Mature sperm from the sperm duct or the suspension of testicular cells were diluted 100–2,000-fold with ASW, placed on a glass slide coated with 1% BSA to avoid adhesion of sperm, and observed under a DIC microscope (BX51or 53, Olympus) with a 10× or 20× objective (UPlanSApo, Olympus). Photographs were obtained using a digital camera (Olympus DP70 or DP74). For video recording at 200 fps, the microscope was connected to a high-speed CCD camera (HAS220 or HASU-2, Ditect, Tokyo, Japan). Data are presented as mean ± SD, unless otherwise stated.

Results

Testicular Structure in S. luhuanus

S. luhuanus occurs in the sandy substrates near rocky marine areas (Figure 1A). They are gonochoristic, undergo internal fertilization, and reproduce during summer at Shimoda, Shizuoka (temperate zone) and winter at Sesoko, Okinawa (subtropical zone). Males copulate with females and release sperm by intromitting the penis to the female genital tract (Figures 1B,C). Prior to reproductive season, the development of eusperm and parasperm is initiated in the testes. Mature sperm are spermiated into the sperm duct (spermiduct or vas deferens), while spermatogenesis continues in the testis. Eusperm and parasperm were found in separate areas along with spermatogenic cells in testicular lobes without a discrete boundary (Figures 1D,E). In this study, we collected mature sperm and spermatogenic cells from the sperm ducts and testes, respectively, during the reproductive season. Sperm ducts predominantly contained mature eusperm and parasperm in the mid-reproductive season, whereas several spermatogenic cell stages were still observed in the testis (Figure 2).

FIGURE 1

FIGURE 1. Male reproductive system in S. luhuanus. (A) Adult S. luhuanus. Scale bars, 2 cm. (B) A copulating male and a female. Scale bars, 2 cm. (C) Insertion of the penis into the female tract. Scale bars, 1 cm. (D) H&E staining of S. luhuanus testis, which is clearly composed of many lobules (dashed line). Scale bars, 500 μm. (E) Both eusperm and parasperm are generated in a lobule. Parasperm and paraspermatogenic cells (arrows) are recognized as larger cells with less intense hematoxylin staining. Spermatids and mature sperm are recognized by packed nuclei intensely stained with hematoxylin (arrowheads). Scale bars, 100 μm.

FIGURE 2

FIGURE 2. Differential interference contrast (DIC) images of S. luhuanus sperm. (A) Spermatogenic cells obtained from testis. Both immature eusperm and parasperm can be observed. Scale bar, 100 μm. (B) Mature sperm obtained from sperm duct. Six mature parasperm as well as many mature eusperm are shown. Scale bar, 100 μm.
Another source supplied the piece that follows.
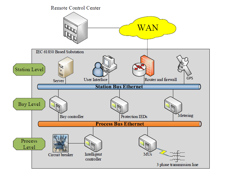 IEDs are connected to a local area network (LAN) in a substation via Ethernet-based communication. Hence, copper cables are replaced by communication lines (e.g., optical fibers and Ethernet cables) that offer higher transmission rates. All data and control commands can be transmitted using a single communication line, leading to a reduced cost.
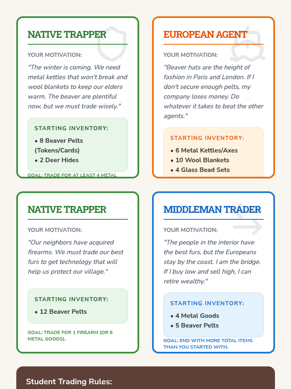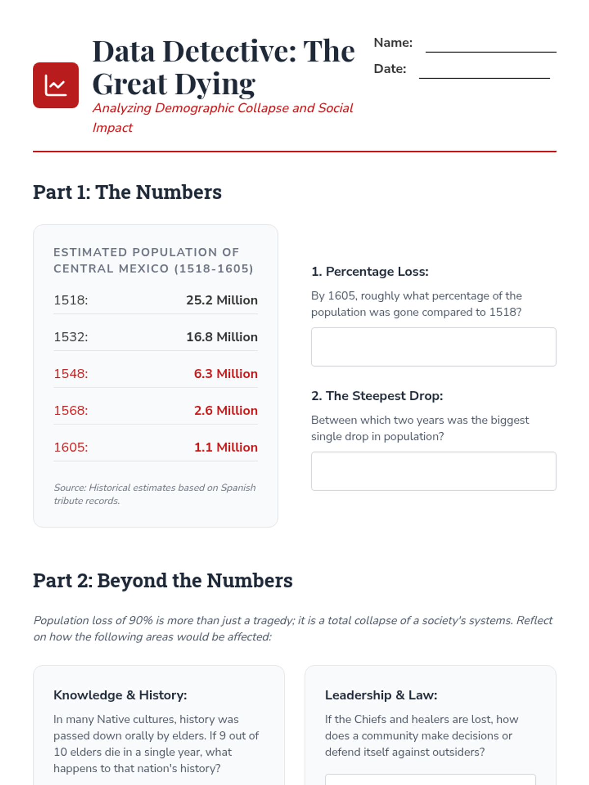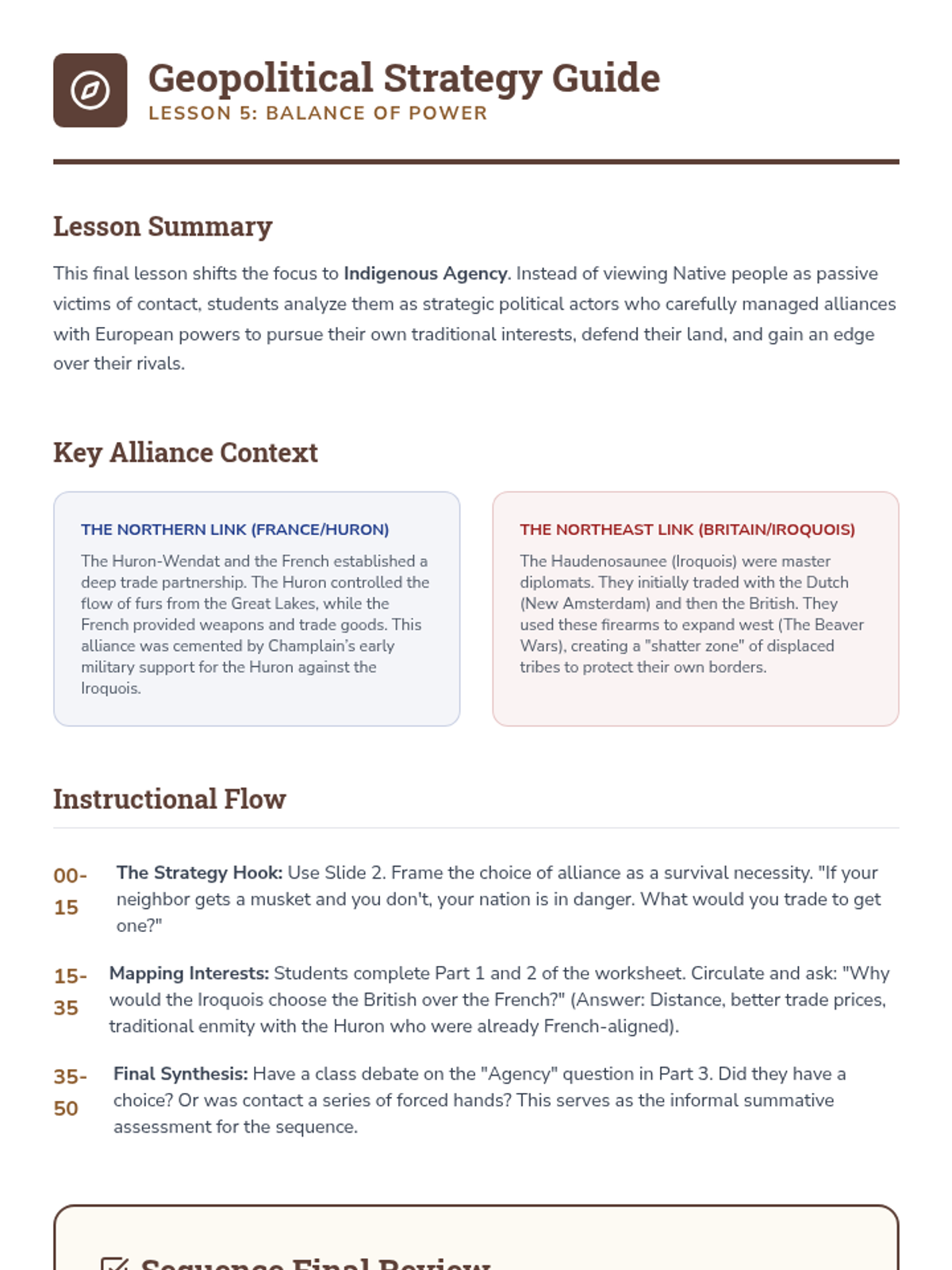 This sequence examines the complex interactions following European arrival, exploring the Columbian Exchange, trade alliances, and biological impacts. Students will investigate how new technologies, animals, and diseases transformed Native life and analyze the strategic choices made by Indigenous leaders during the 17th century.

Morphology and Motility of Parasperm

The mature parasperm of S. luhuanus has a unique morphology, with large globular bodies and two lateral undulating membranes (Figures 3A–J, 4A–F; Reinke, 1912; Koike and Nishiwaki, 1980; Casse et al., 1994). Parasperm collected from the sperm duct had globular bodies distributed throughout the cytoplasm. The tip of the cell showed a round edge with tightly packed globular bodies (Figures 3K,L, 4G,H), though a few parasperm appeared to have lost the globular bodies and their tips appeared slender or sharp (Figures 3I,J). The losses of globular bodies were easily recognized by empty spherical regions where globular bodies would have been present (Figure 3M). Two undulating membranes, which are made of a hundred axonemes representing a plate-shaped motile apparatus (Koike and Nishiwaki, 1980; Casse et al., 1994), are laterally located. Several arrays of single axonemes, distinct from the axonemes in the undulating membranes, were observed covering the area of the globular bodies (Figures 4H–K). At the opposite tip, the undulating membranes were joined to form a flattened end with a central “streak” along the longer axis of the parasperm (Figures 3N,O, 4L–N). Following the description in previous reports (Nishiwaki, 1964; Koike and Shinohara, 1987; Buckland-Nicks, 1998), we defined the anterior and posterior ends of the Strombus parasperm as those with a round end and streak, respectively (Figures 3, 4, indicated at the right).

FIGURE 3

FIGURE 3. (A–G) The mature parasperm, including (H) a lateral view. Scale bar, 20 μm. (I,J) Some parasperm lacked globular bodies in the sharpened anterior end. Scale bar, 20 μm. (K,L) Typical parasperm have a round anterior edge with globular bodies. (M) Magnified anterior regions of (H) and (I) showing partial or complete loss of globular bodies. Green or red represents occupied or empty area for the globular bodies, respectively. Scale bar, 10 μm. (N,O) A posterior edge with a flattened end and streak structure. Scale bar, 20 μm.

FIGURE 4

FIGURE 4. Scanning electron microscope (SEM) images of (A–F) entire mature parasperm and (G–N) magnified images of distinct morphological regions. (F) Lateral view, (G,H) anterior round edge, (I–K) central areas with globular bodies, and (L–M) posterior streaked end. Scale bar in (A–F), 10 μm; (G–H,J,L), 2 μm; and (I,K,M,N), 5 μm.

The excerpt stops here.